Thursday, December 27, 2012
All In My Head
I was in a book store today. Barnes and Noble. I found myself in the sci-fi / fantasy section without really intending to go there. I had a gift card, wanted to spend it, but didn't know what I wanted. I stood browsing in an isle where a man stood at the other end. I could feel his presence like he was noticing what books I looked at. Probably all in my head. I'm sure he barely noticed me, but for some reason I felt the need to only pick up books that didn't make me look to girly. At the grocery story I like to stop at the magazine stand down from the wine and tortillas. If others are there, especially a man, I go strait for the Scientific American, the Popular Mechanics, or some other sciency type magazine.

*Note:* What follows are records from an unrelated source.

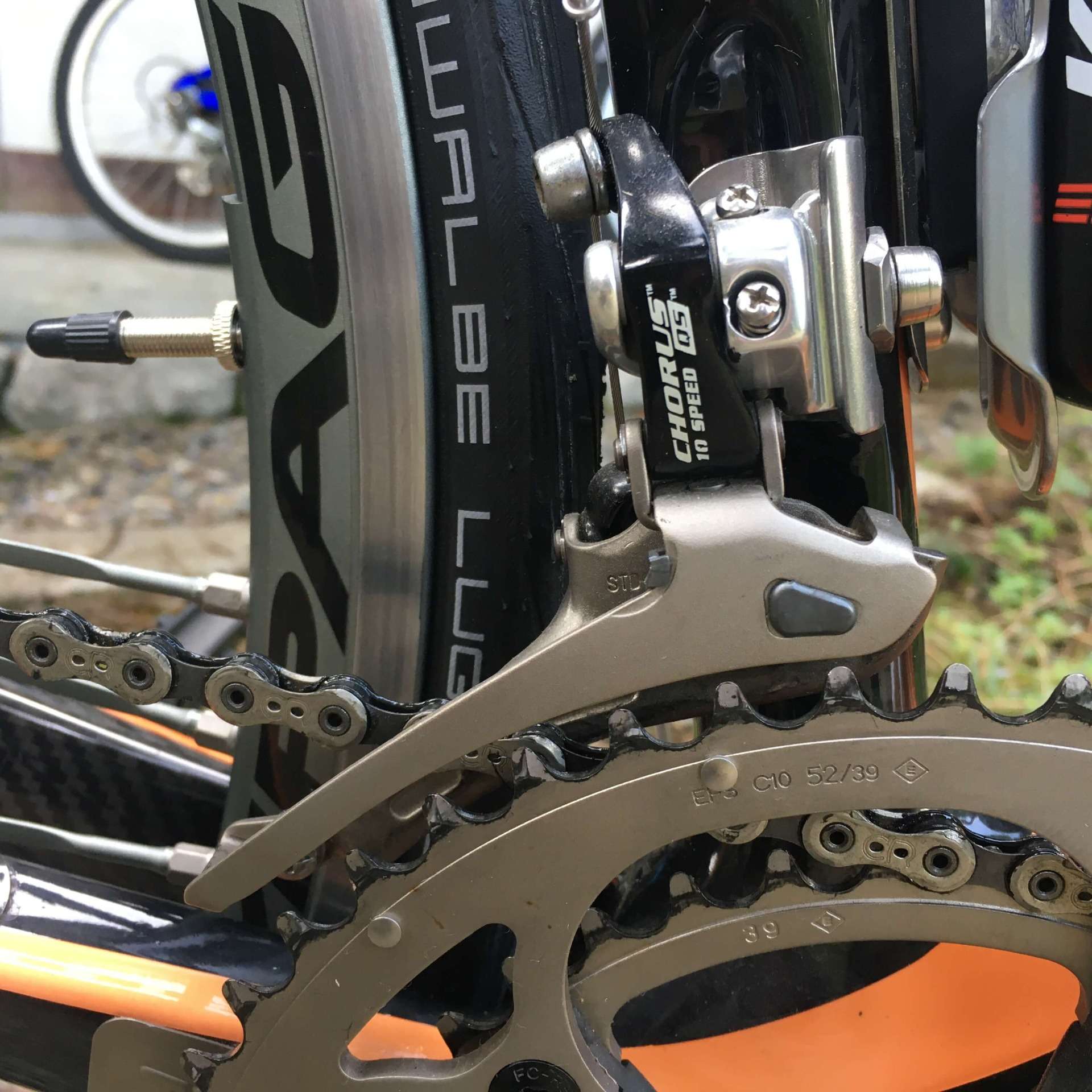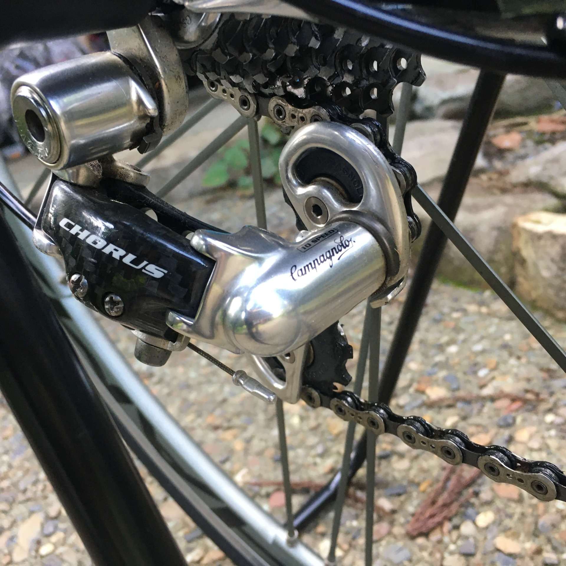 この自転車の整備を依頼された時に「10速コーラスの補修パーツは流通してないだろうなぁ・・・」と思い、「何かトラブルがあったらシマノに全交換しましょう」とお客さんへ伝えました(笑)。
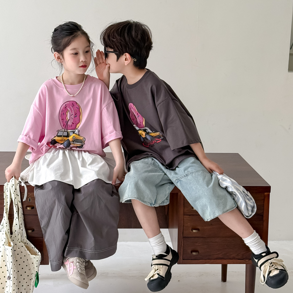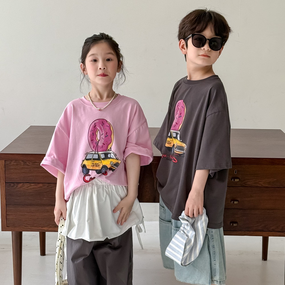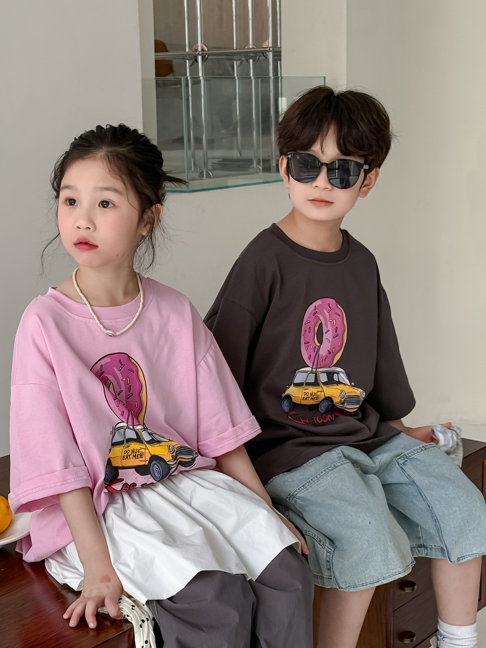 아동용 티셔츠 2026 여름 한국판 만화 자동차 프린트 반팔 아동용 라운드넥 캐주얼 루즈핏 상의
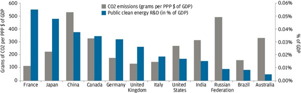 Exhibit 1: Government investment in greening the economy and level of CO2 emissions
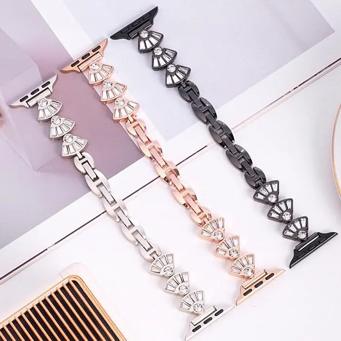 5. Strap iWatch Metal Fan-Shape Fish Tail Style Stainless Steel Smartwatch untuk Apple Watch Series 1st Gen 1 2 3 4 5 6 7 8 9 10 11 SE SE2 SE3 Ultra Ultra2 Ultra3 38mm/40mm/41mm/42mm/44mm/45mm/46mm/49mm

I truly love those ones and read them as often as I can, but I only go to the crochet and knit category when I'm alone or at least after I've sought out the others. Why do I do it. Who knows. A constant need to feel like I'm more than just a woman? Maybe. I do that same thing when I drive. Any car beside me and I have to be the first out of the red-light gate. Alright, not every time, but I enjoy showing off the turbo engine, the fact that I'm a woman who likes to go fast. Kind of ridiculous. I always wonder if the person behind me is some handsome man who is wondering about who I am and where I'm going. Then I realize that if they were really wondering that and ending up following me, it would be beyond creepy.